THE PROBLEM:
Down to the last line, write out the entries below exactly and omit all pictures.

Items from a dataset
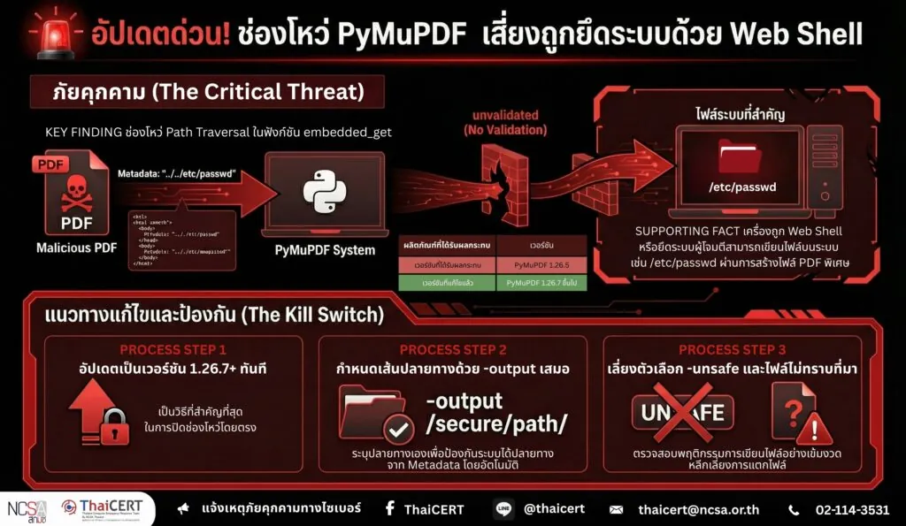 ศูนย์ประสานการรักษาความมั่นคงปลอดภัยระบบคอมพิวเตอร์แห่งชาติ (ThaiCERT) แจ้งเตือนภัยคุกคามด้านความมั่นคงปลอดภัยไซเบอร์เกี่ยวกับช่องโหว่ประเภท Path Traversal ในไลบรารี PyMuPDF (ไลบรารีสำหรับอ่าน วิเคราะห์ และจัดการเอกสาร PDF ด้วยภาษา Python) ที่อาจถูกผู้ไม่หวังดีใช้ในการเขียนไฟล์ไปยังตำแหน่งที่ไม่ได้รับอนุญาตบนระบบ (Arbitrary File Write) ผ่านไฟล์ PDF ที่ถูกสร้างขึ้นเป็นพิเศษ และอาจนำไปสู่การฝังไฟล์อันตราย เช่น Web Shell หรือการยกระดับในการเข้าควบคุมระบบได้
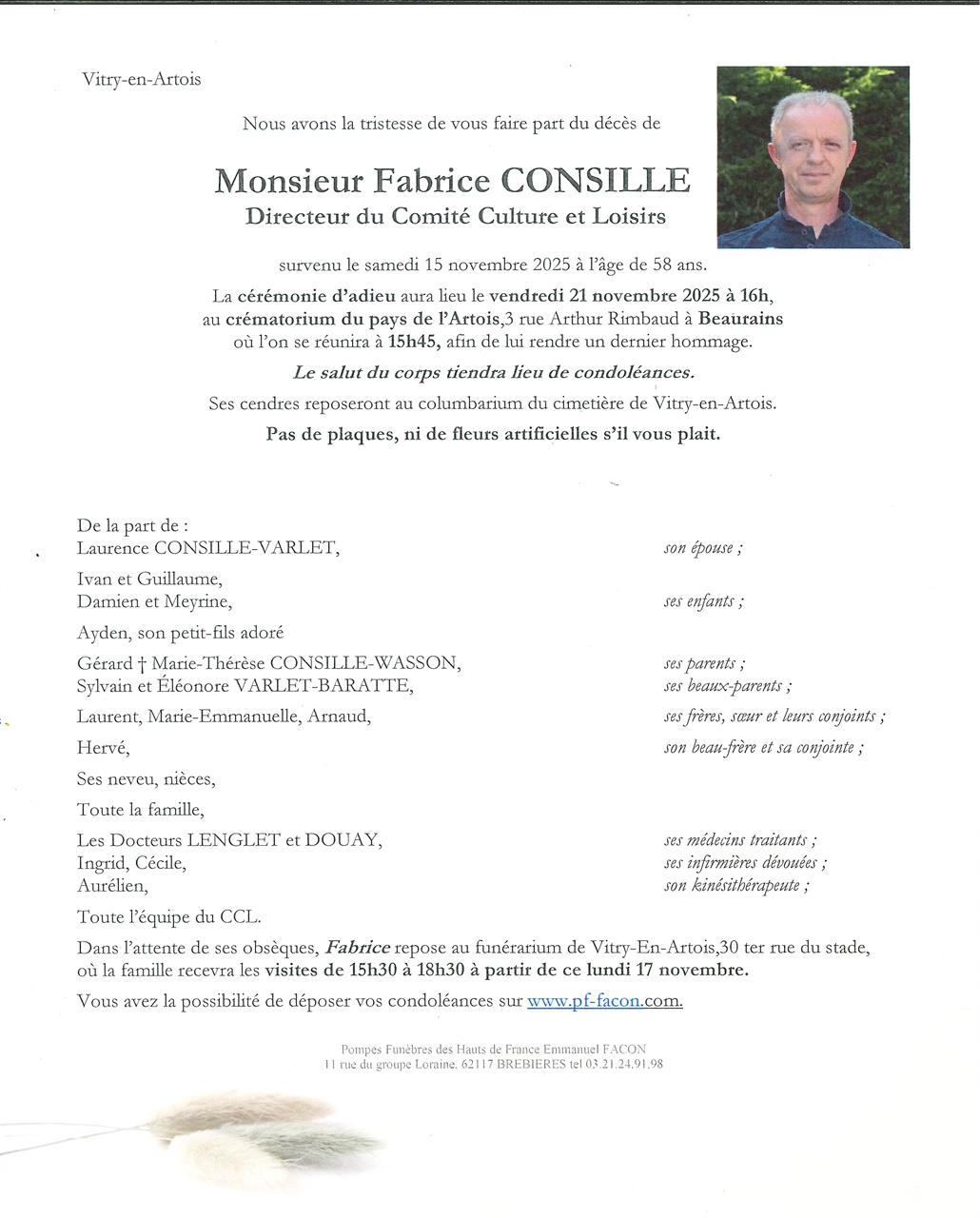 Décédé à Vitry-en-Artois (62490) le samedi 15 novembre 2025 à l'âge de 58 ans
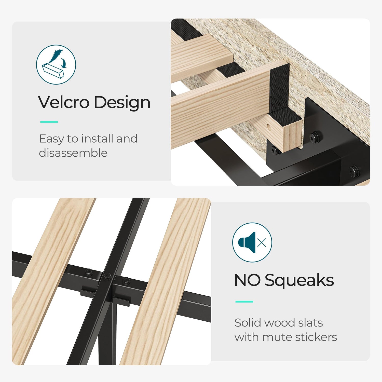 Enjoy a peaceful night's sleep with the silent stability offered by this innovative design. The embedded structure ensures your mattress remains in place, while non-slip tape on the wooden slats provides added security against movement and noise. Say goodbye to unwanted disruptions and hello to serenity.
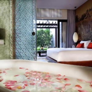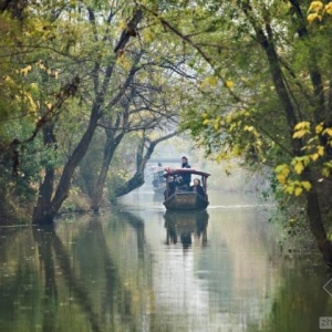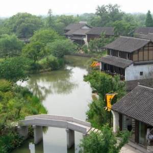 坐落在杭州西溪湿地公园东南角的杭州西溪悦椿度假酒店围绕着氤氲流水和簇簇花木,一派江南水乡的景色。堪称是古今中外结合的新派江南水乡。依傍湿地而建的酒店充分体现了悦榕集团的环保理念,水道与溪流四面流通,酒店则因循水道在别墅间架起石桥。
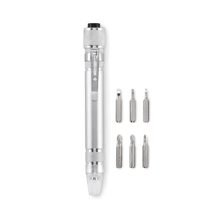 Recycled aluminium multi tool in pen shape with torch. Includes 3 slotted and 3 Phillips screwdriver heads. 4 button cell LR41 batteries included.
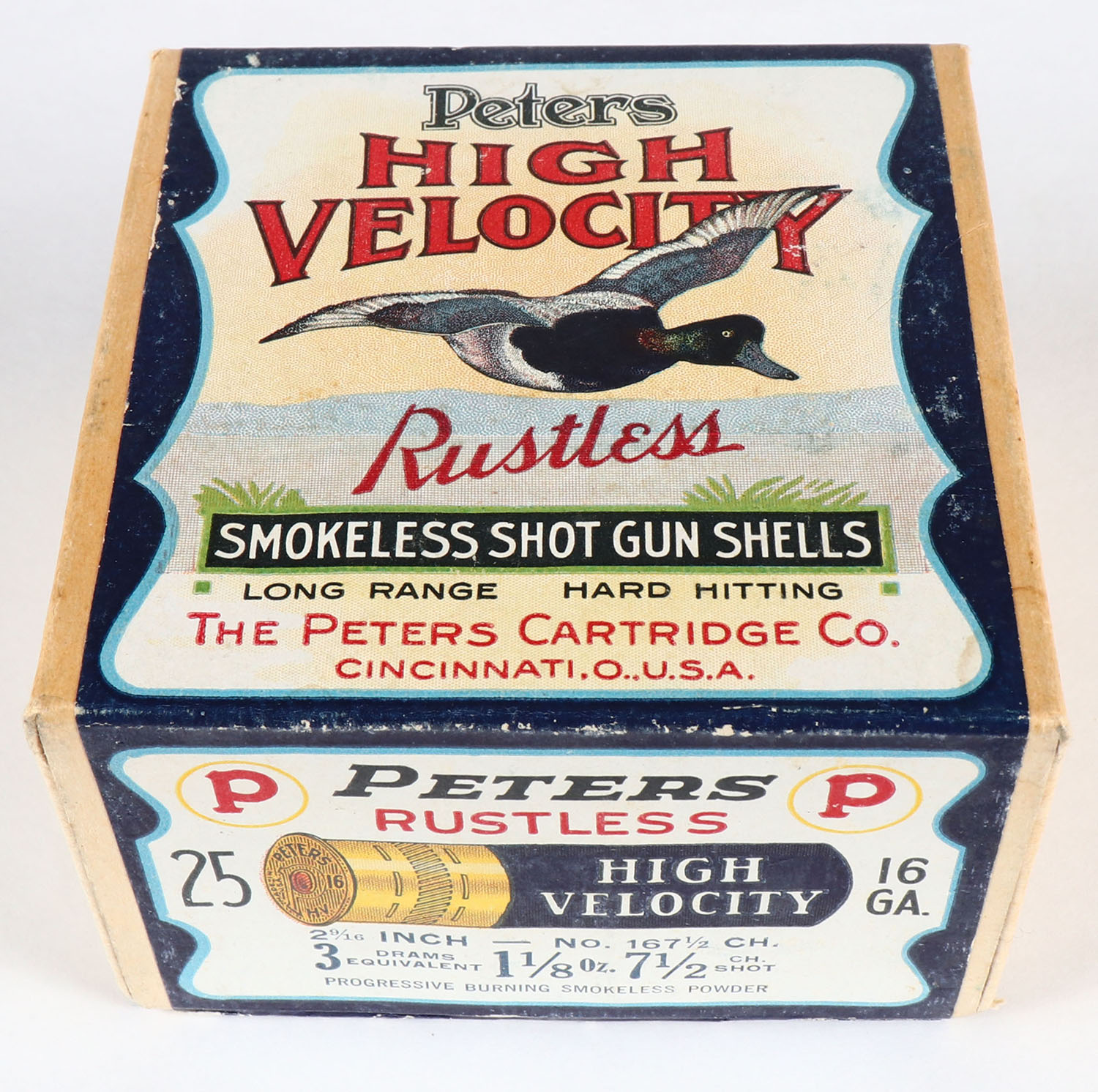 Peters Cart. Co., Blue Bill, 12ga., 2pc., FULL & SEALED, shot size 7 1/2 CH., buff box with multi colored label that pictures Blue Bill in flight, box is very solid with excellent colors. Grade: Excellent + - Value: 200 to 800
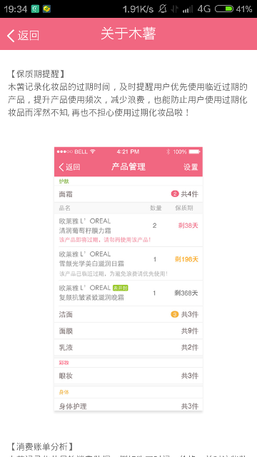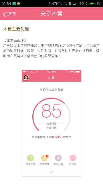 木薯内置化妆品管理工具,可以添加上千个品牌的超过10万件产品,并记录化妆品的过期时间,及时提醒优先使用临近过期的产品,并提供化妆品消费账单分析。

RESULT FOR THIS TASK:
 ศูนย์ประสานการรักษาความมั่นคงปลอดภัยระบบคอมพิวเตอร์แห่งชาติ (ThaiCERT) แจ้งเตือนภัยคุกคามด้านความมั่นคงปลอดภัยไซเบอร์เกี่ยวกับช่องโหว่ประเภท Path Traversal ในไลบรารี PyMuPDF (ไลบรารีสำหรับอ่าน วิเคราะห์ และจัดการเอกสาร PDF ด้วยภาษา Python) ที่อาจถูกผู้ไม่หวังดีใช้ในการเขียนไฟล์ไปยังตำแหน่งที่ไม่ได้รับอนุญาตบนระบบ (Arbitrary File Write) ผ่านไฟล์ PDF ที่ถูกสร้างขึ้นเป็นพิเศษ และอาจนำไปสู่การฝังไฟล์อันตราย เช่น Web Shell หรือการยกระดับในการเข้าควบคุมระบบได้
 Décédé à Vitry-en-Artois (62490) le samedi 15 novembre 2025 à l'âge de 58 ans
 Enjoy a peaceful night's sleep with the silent stability offered by this innovative design. The embedded structure ensures your mattress remains in place, while non-slip tape on the wooden slats provides added security against movement and noise. Say goodbye to unwanted disruptions and hello to serenity.
 坐落在杭州西溪湿地公园东南角的杭州西溪悦椿度假酒店围绕着氤氲流水和簇簇花木,一派江南水乡的景色。堪称是古今中外结合的新派江南水乡。依傍湿地而建的酒店充分体现了悦榕集团的环保理念,水道与溪流四面流通,酒店则因循水道在别墅间架起石桥。
 Recycled aluminium multi tool in pen shape with torch. Includes 3 slotted and 3 Phillips screwdriver heads. 4 button cell LR41 batteries included.
 Peters Cart. Co., Blue Bill, 12ga., 2pc., FULL & SEALED, shot size 7 1/2 CH., buff box with multi colored label that pictures Blue Bill in flight, box is very solid with excellent colors. Grade: Excellent + - Value: 200 to 800
 木薯内置化妆品管理工具,可以添加上千个品牌的超过10万件产品,并记录化妆品的过期时间,及时提醒优先使用临近过期的产品,并提供化妆品消费账单分析。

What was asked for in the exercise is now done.